Picture: Shutterstock

Picture: Shutterstock

The completion of electricity transmission infrastructure will create a more competitive market for members of the Southern African Power Pool (SAPP). 

Speaking at the opening of the 49th SAPP conference of meetings in Tshwane, the minister of Energy Mmamoloko Kubayi said South Africa’s surplus electricity will be made available to the regional power pool. However, the issue of inadequate transmission infrastructure remains a hindrance.

“This capacity will be made available to the regional power pool so that member countries can utilise this capacity as their demand increases. We are aware that one of the constraints to the regional electricity trade is inadequate transmission infrastructure. It’s important for this reason that the projects underway be completed as speedily as possible,” Minister Kubayi told delegates attending the conference, hosted by power utility Eskom.
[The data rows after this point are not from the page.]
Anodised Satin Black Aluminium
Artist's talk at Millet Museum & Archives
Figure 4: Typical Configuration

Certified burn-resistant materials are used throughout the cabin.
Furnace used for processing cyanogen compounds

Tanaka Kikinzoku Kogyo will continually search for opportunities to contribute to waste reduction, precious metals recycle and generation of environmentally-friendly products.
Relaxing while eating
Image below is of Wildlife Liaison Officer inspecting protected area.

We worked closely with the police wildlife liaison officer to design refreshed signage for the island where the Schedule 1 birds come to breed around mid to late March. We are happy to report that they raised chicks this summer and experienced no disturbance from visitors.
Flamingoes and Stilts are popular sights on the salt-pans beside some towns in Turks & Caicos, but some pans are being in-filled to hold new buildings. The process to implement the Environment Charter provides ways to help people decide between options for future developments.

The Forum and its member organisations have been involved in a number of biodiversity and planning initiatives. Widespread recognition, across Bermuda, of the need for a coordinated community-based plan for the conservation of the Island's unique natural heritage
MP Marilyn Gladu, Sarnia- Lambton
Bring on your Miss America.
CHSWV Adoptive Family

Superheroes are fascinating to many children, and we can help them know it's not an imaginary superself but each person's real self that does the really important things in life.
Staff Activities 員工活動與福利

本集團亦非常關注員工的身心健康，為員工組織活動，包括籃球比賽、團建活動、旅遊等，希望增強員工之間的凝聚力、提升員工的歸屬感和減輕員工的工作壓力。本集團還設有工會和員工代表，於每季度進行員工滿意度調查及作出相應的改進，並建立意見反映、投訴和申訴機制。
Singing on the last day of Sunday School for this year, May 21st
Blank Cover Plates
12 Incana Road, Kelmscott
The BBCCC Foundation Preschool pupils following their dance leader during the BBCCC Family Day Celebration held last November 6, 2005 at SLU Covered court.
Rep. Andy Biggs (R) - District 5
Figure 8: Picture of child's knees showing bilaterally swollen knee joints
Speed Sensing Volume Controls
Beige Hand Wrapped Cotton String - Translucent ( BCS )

The SAPP, which has 12 member-countries represented by their respective electricity power utilities organised through the Southern African Development Community (SADC), coordinates the planning and operation of the electricity power system among member utilities.

Advantages abound

The power pool provides a forum for regional solutions to electricity energy problems.

Some of the projects include the Zizabona interconnect project which will link Zimbabwe, Zambia, Botswana and Namibia as well as the establishment of the Namibia- Angola interconnector project.
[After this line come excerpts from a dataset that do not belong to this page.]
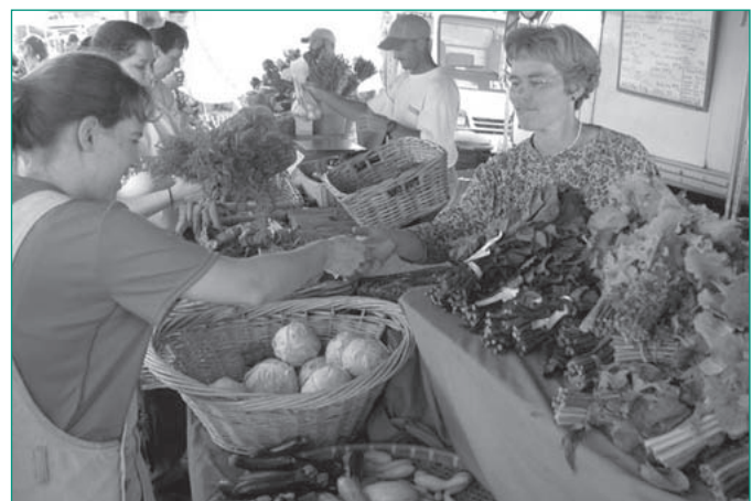
Social issues research at the Center includes studies of the ways that consumers perceive of social issues in the food system, including such issues as workers’ rights and salaries, and the value of small-scale agriculture.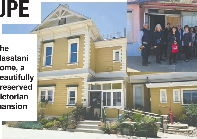
The Masatani home, a beautifully preserved Victorian mansion

The Royal Theater was constructed in 1940, with the building costing roughly $30,000 to build. The theater, which took four months to construct, could seat 530 people; the grand opening occurred on Aug. 30, 1940. In its early years, it hosted films and the-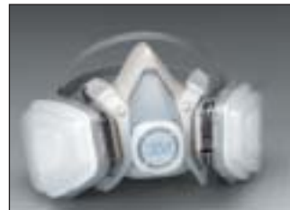
3M™ Half Facepiece Respirator Assemblies 51P71, 52P71, 53P71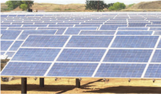
PV Module Placement: The rows of PV modules provide sufficient space for monitoring wells that may be needed in the future. The absence of concrete footings for the modules enables precipitation to infiltrate the subsurface and fosters passage of wildlife.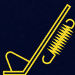
SIDE STAND INDICATION AND ENGINE CUT-OFF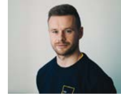
Tim Henery Sports Factory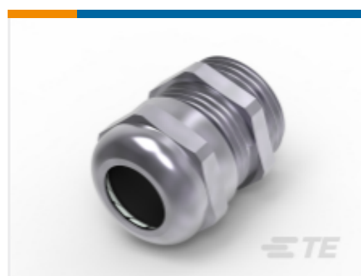
TE Part #T3609400102-000 DLX-40-M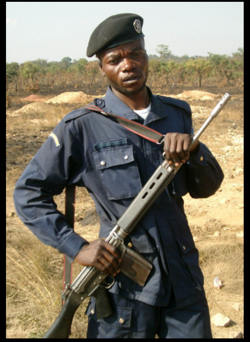
Security around around Likasi Cu-Co mine, République Démocratique du Congo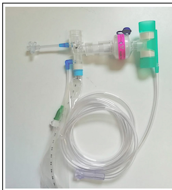
Fig.1: Alternate to Kelly circuit for spontaneously breathing patients. It comprises of Swedish Nose, HME filter and closed suction unit.

We reviewed the availability of all necessary equipment and scrutinised the steps as per the checklist and our organisational guidelines beforehand.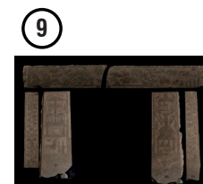
9 Tomb gate 25–220 CE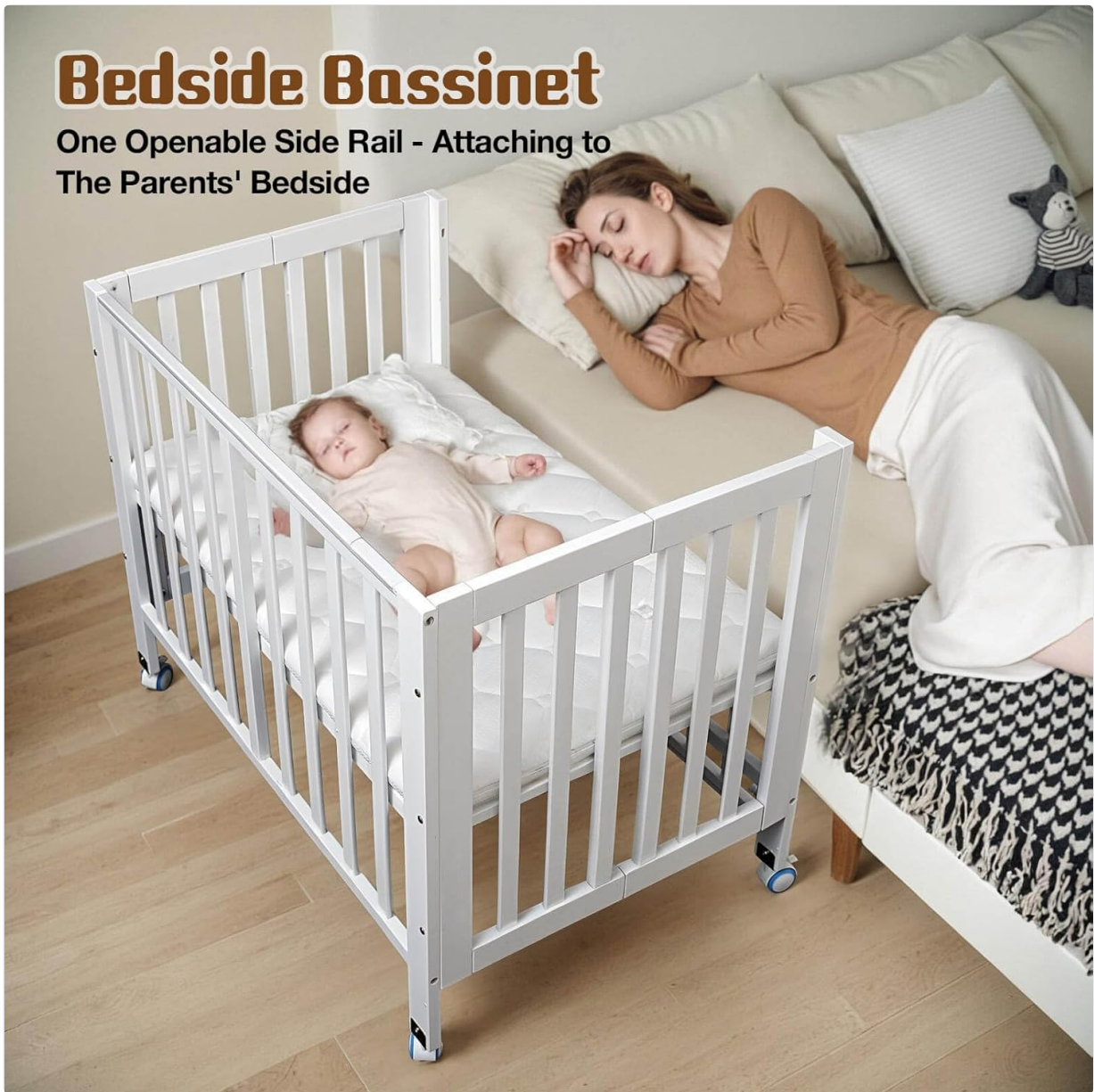
Image: The crib configured as a bedside bassinet, with one side rail lowered to attach to the parents' bed, allowing close proximity to the baby.

One Openable Side Rail - Attaching to The Parents' Bedside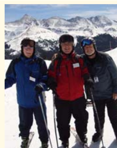
Pledge Class 1969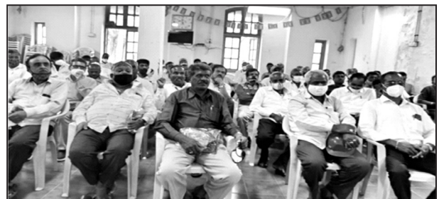
View of audience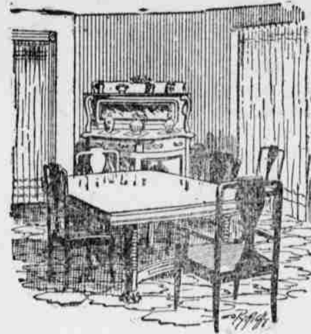
5 foot Oak Extension Table, $6 75 3 " " " " 8 50 3 " " " " 5 in. leg, 16 00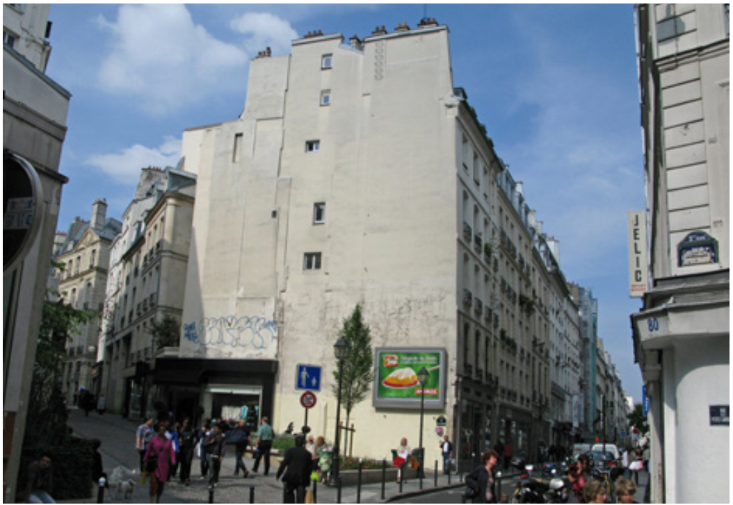
One among many Paris dull and blind façade, Rue d'Aboukir.

well engaging with a totally transparent process with citizens. But we should neither fear debate [...] nor transparency, as it is under citizen's scrutiny that democracy prospers”.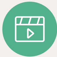
Movies and Films

“The completion of these projects will help create a more competitive market that will bring several advantages,” the Minister said.

Exploitation of diverse energy sources as well as better pricing are some of the advantages the region can expect when the projects are completed.

“A more competitive market will attract more investment, we want to see our economies growing. We need to work together,” said the Minister, adding that Eskom has moved into an era of energy surplus and would make the surplus available to the region.

“As South Africa we stand ready to provide resources at our disposal to ensure that all our regional partners are able to bring development to their countries and their people.”

Learning from load shedding

South Africa through Eskom has increased its generation capacity through Independent Power Producers (IPPs) and the new build programme for Medupi and Kusile.

Minister Kubayi said lessons could be learnt from the country’s history of load shedding.

Eskom’s acting Chief Executive Officer: Eskom Enterprises Abram Masango said the utility is proud of its SAPP membership. He added that the utility is critical to the development of South Africa.

“It’s our view that this new era of surplus energy certainly needs to be used as a springboard for development. If sufficient transmission investment is made this electricity supply certainty can be spread across the region empowering all of our countries,” he said.